=== Section Start ===
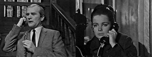 At Collinwood, Roger comes downstairs and answers the phone, checking his watch along the way. It's Vicki, she says. We've been expecting to hear from you, he says coldly. I'm in Bangor, says Vicki, could you please come up and bring me home? You want me to drive all the way to Bangor on a night like this? Roger asks. I wouldn't ask you if I wasn't so frightened, says Vicki--I think I'm in danger--Burke Devlin--I think he's connected with Malloy's death. What? asks Roger. Do you remember that pen I found on the beach near where Mr. Malloy died? asks Vicki. Yes, says Roger, vaguely. It was Burke's pen, says Vicki. How do you know that? asks Roger. I just found one identical to it, says Vicki, don't you see what this means?--Burke must have lost it on the beach--he could have been there with Mr. Malloy, he could have killed him! Calm down, orders Roger--is Burke there with you now? Yes, says Vicki, he wants to drive me home--I don't want to go with him!--I'm afraid and I don't know what to do! Tell Devlin you can't go back with him, says Roger, make some excuse but get out of it--and I'll come and get you. You will? she asks. Yes, he says, where are you now? The lobby of the hotel, she says. Wait right there, he says, I'll be there as soon as I can. Thank you, Roger, she says. And Vicki, he says--don't mention the pen to Devlin under any circumstances--you wouldn't want to arouse his suspicions. That's the last thing I'd want to do, says Vicki. I'll leave now and get there as soon as I can, he assures her, just wait for me.
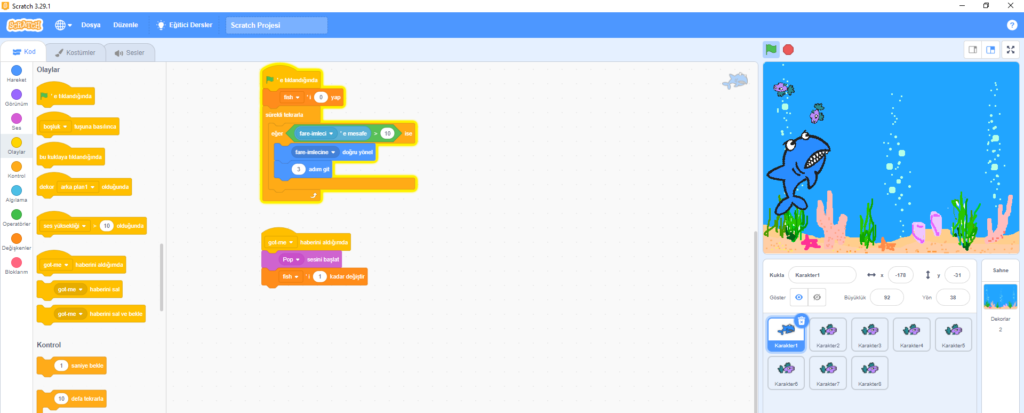 - Birden fazla balık (Karakter2, Karakter3 …)
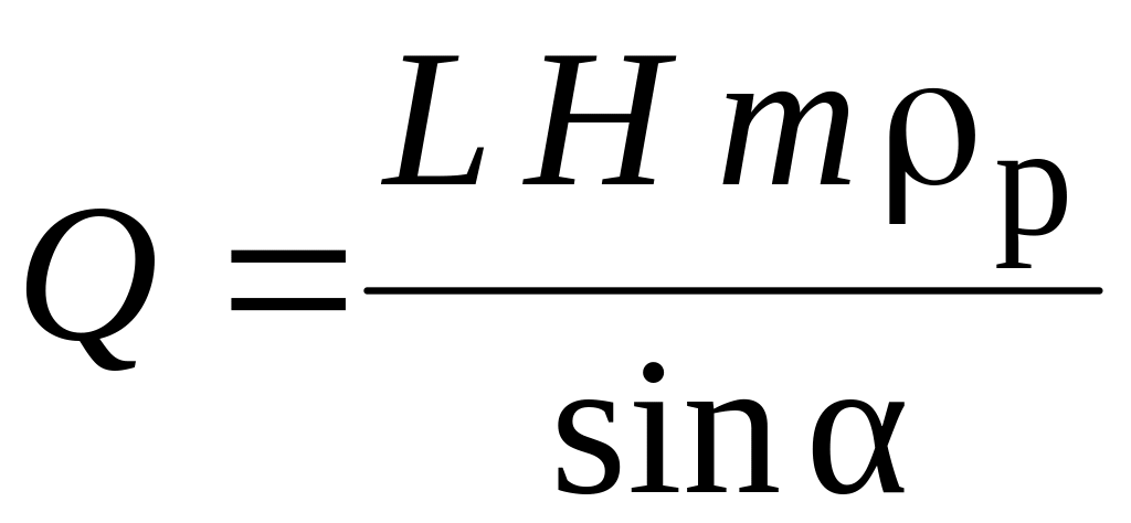 где S – площадь месторождения, м2; m – нормальная мощность рудного тела, м; р – плотность руды в массиве, т/м3; L – длина рудного тела по простиранию, м; H – вертикальная высота рудного тела, м;  – угол падения рудного тела, град.
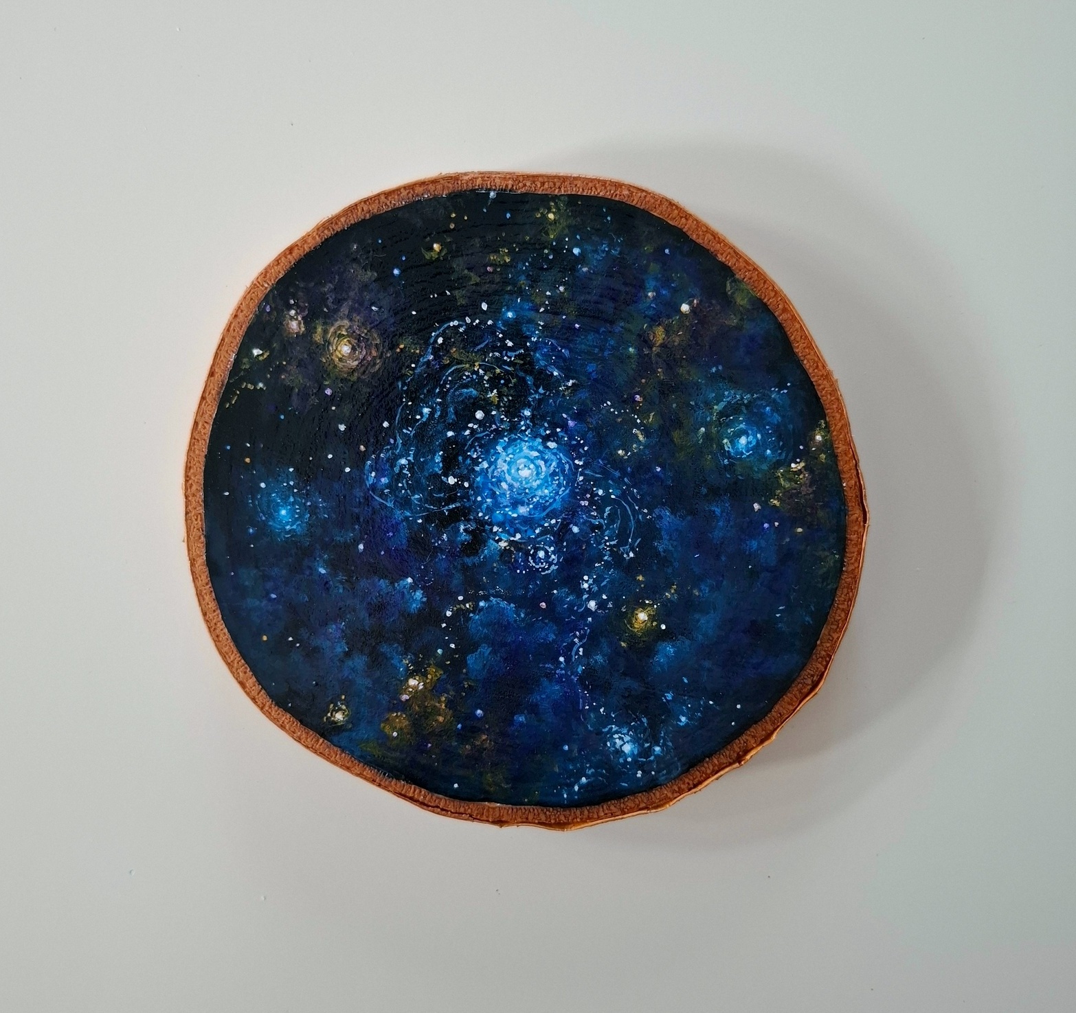 Obraz akrylowy namalowany farbami Golden na szlifowanym plastrze drewna (brzoza), zawerniksowany, sygnowany z tyłu, średnica: 14 cm, data powstania: 2024.
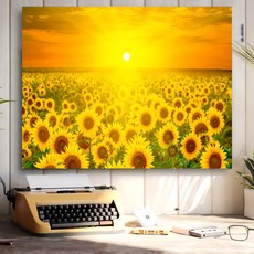 노을과 해바라기 그림이 담긴 캔버스액자로, 풍수 컨셉으로 집안에 행운과 금전운을 불러오며 주문 즉시 국내 제작되어 신속하게 공간을 장식할 수 있는 제품입니다.
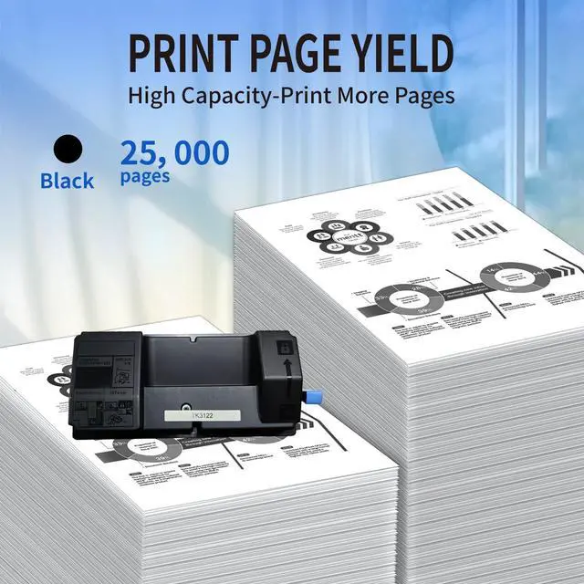 Page Yield: Up to 25, 000 pages per TK-3122 Black toner (Letter/A4, at 5% coverage), replacement for KyoceraTK-3122 toner ^^ Reliable Printing
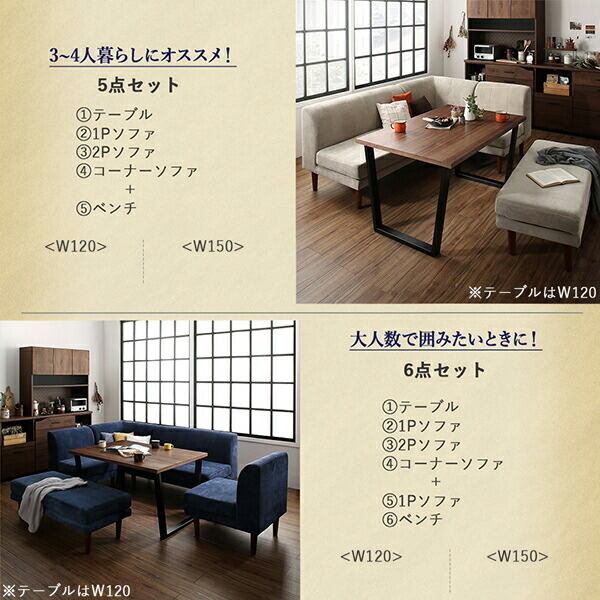 5点セット(テーブル+2Pソファ1脚+1Pソファ2脚+コーナーソファ1脚) W150
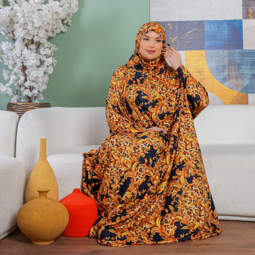 ثوب صلاة (إسدال) بحريني عملي سوفت قطن طباعة ديجيتال فري سايز يناسب من  70ك إلى 100ك مع غطاء الرأس
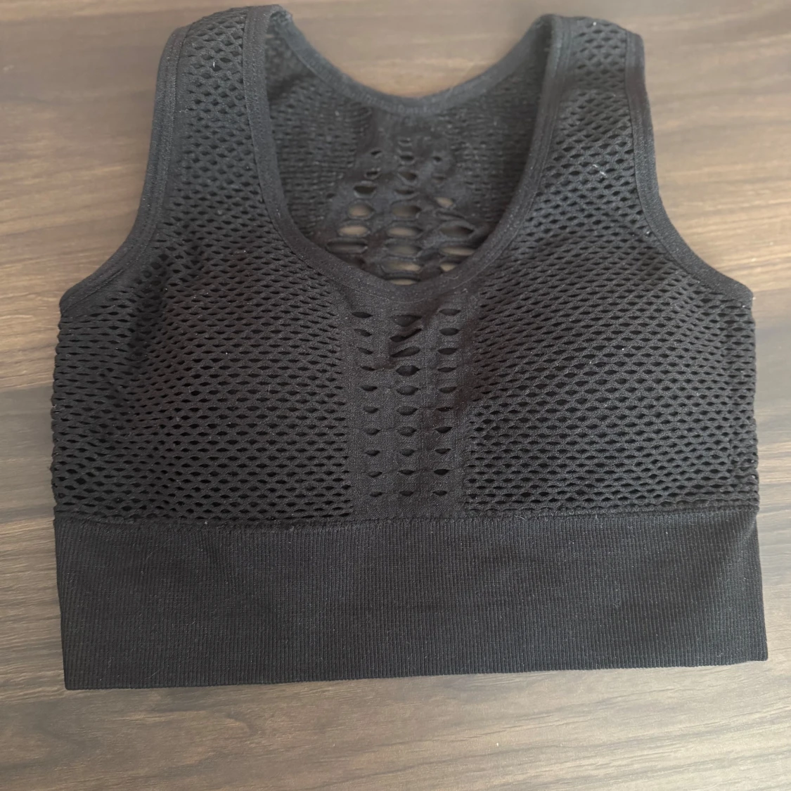 Säljer en svart sporttopp med nätmönster och breda axelband. Toppen har en tight passform och är perfekt för träning. Materialet är stretchigt och andas bra. Passar utmärkt för en aktiv livsstil. Använd några fåtals gånger
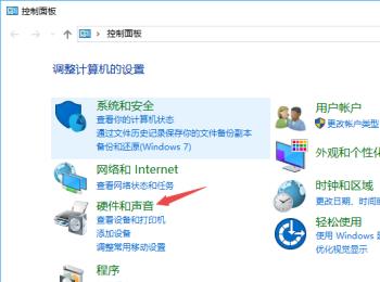 4.第四步,我们可以看到如下图所示的控制面板页面,点击箭头所指的硬件和声音选项。
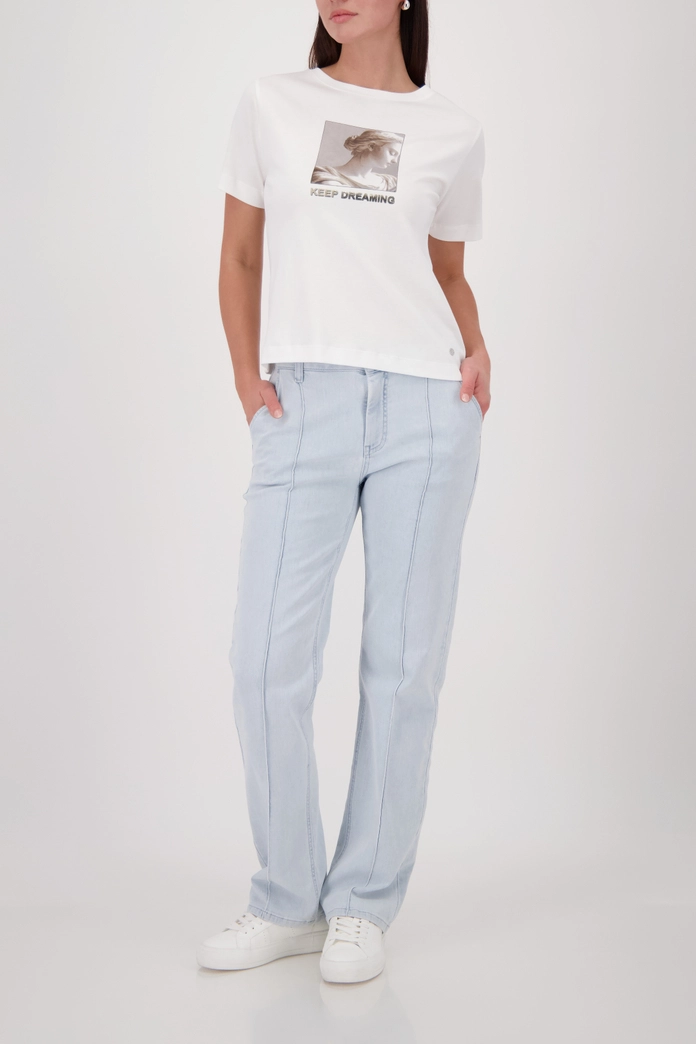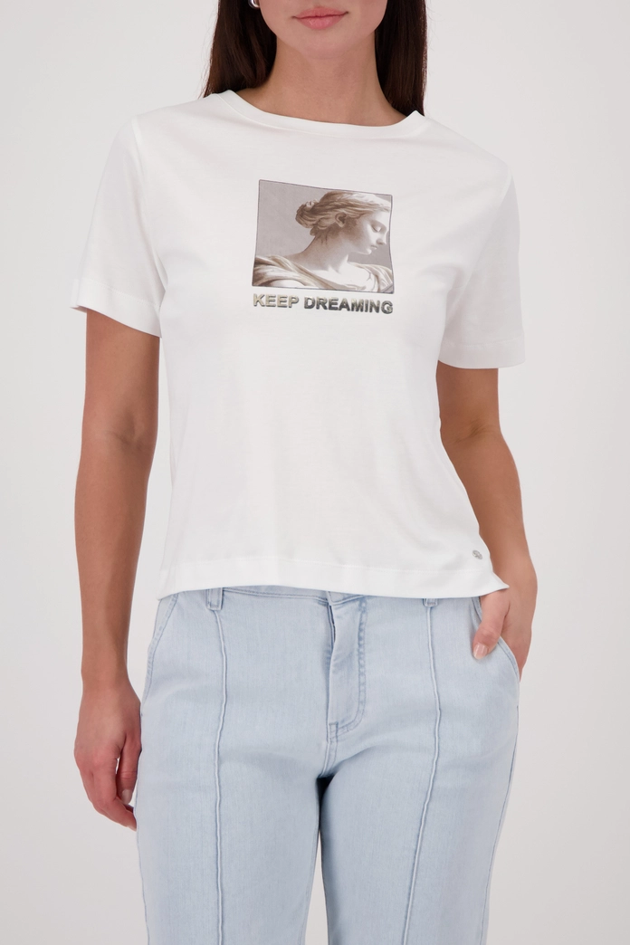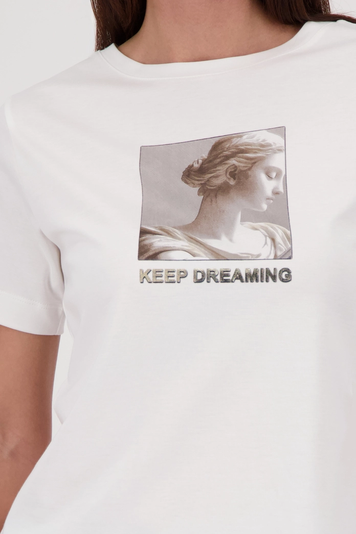 Стильная футболка из 100% хлопка с мягкой текстурой, круглым вырезом и вдохновляющим принтом со статуей и надписью «Продолжай мечтать».
=== Section End ===
§ EXERCISE DETAILS
Leaving pictures out, output the lines of the data above from the one with "Page Yield: Up" through the one with "ثوب صلاة (إسدال)", word for word.

§ ANSWER SECTION
 Page Yield: Up to 25, 000 pages per TK-3122 Black toner (Letter/A4, at 5% coverage), replacement for KyoceraTK-3122 toner ^^ Reliable Printing
 5点セット(テーブル+2Pソファ1脚+1Pソファ2脚+コーナーソファ1脚) W150
 ثوب صلاة (إسدال) بحريني عملي سوفت قطن طباعة ديجيتال فري سايز يناسب من  70ك إلى 100ك مع غطاء الرأس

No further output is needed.